Challenges in Combinational Oncology Studies

Abstract

The majority of effective systemic therapies in oncology are based on combinations of two or more drugs. The clinical benefits of combination over single-agent therapy may derive from enhanced cytotoxicity, abrogation of drug resistance or modulation of the tumour microenvironment. Previously, combinational oncology drug development focused on cytotoxic agents, which were selected on the basis of non-overlapping mechanisms of action and resistance, and preclinical evidence of synergy. Advances in basic science and drug discovery have led a shift towards the development of molecularly targeted agents that are combined with either cytotoxic chemotherapy or other targeted agents. The development of a novel drug combination presents significant scientific and regulatory challenges and requires integration of preclinical, clinical and correlative science to guide a series of go/no go decisions.
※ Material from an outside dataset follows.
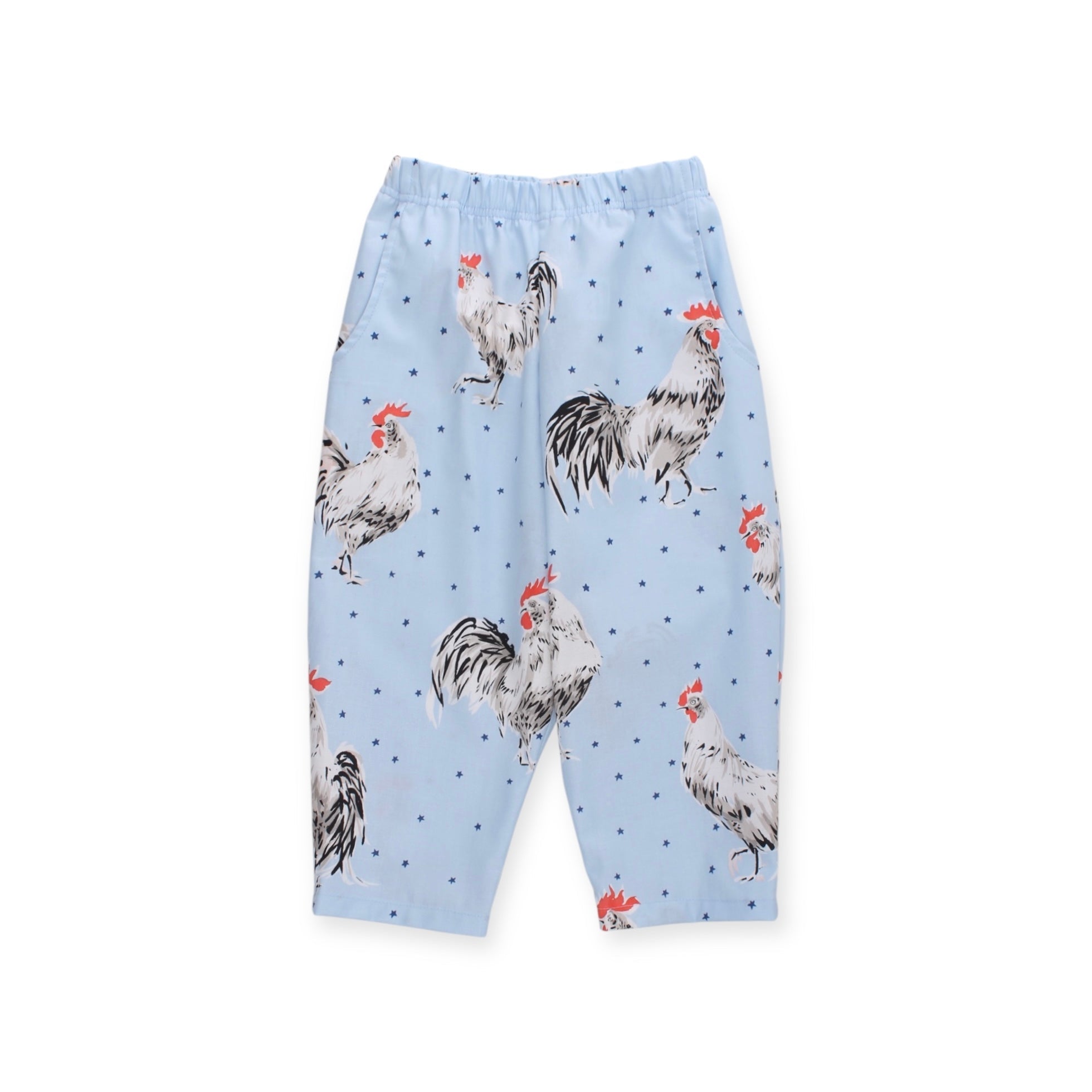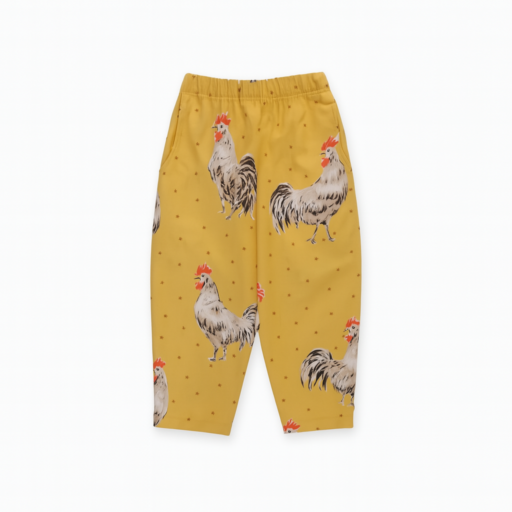 Cool unisex bukser med lommer i et fint print med haner. Match med skjorten i samme fine print. Printet Fås også som Mini & Me Match. Obs placeringen af hanerne kan variere fra størrelse til størrelse.

Given the large number of potential drug combinations, the use of preclinical models that can identify the most promising combinations to advance to clinical testing is advocated. The majority of new combinations involve targeted agents for which an understanding of the mechanisms of efficacy and resistance, together with the validation of biomarkers predictive of response, will aid decision making at all stages of clinical development. This paper looks at the biological rationales and preclinical data that support combinational drug development and discusses the application of alternative trial designs, which may be necessary for successful development of combinational regimens, particularly those incorporating targeted agents.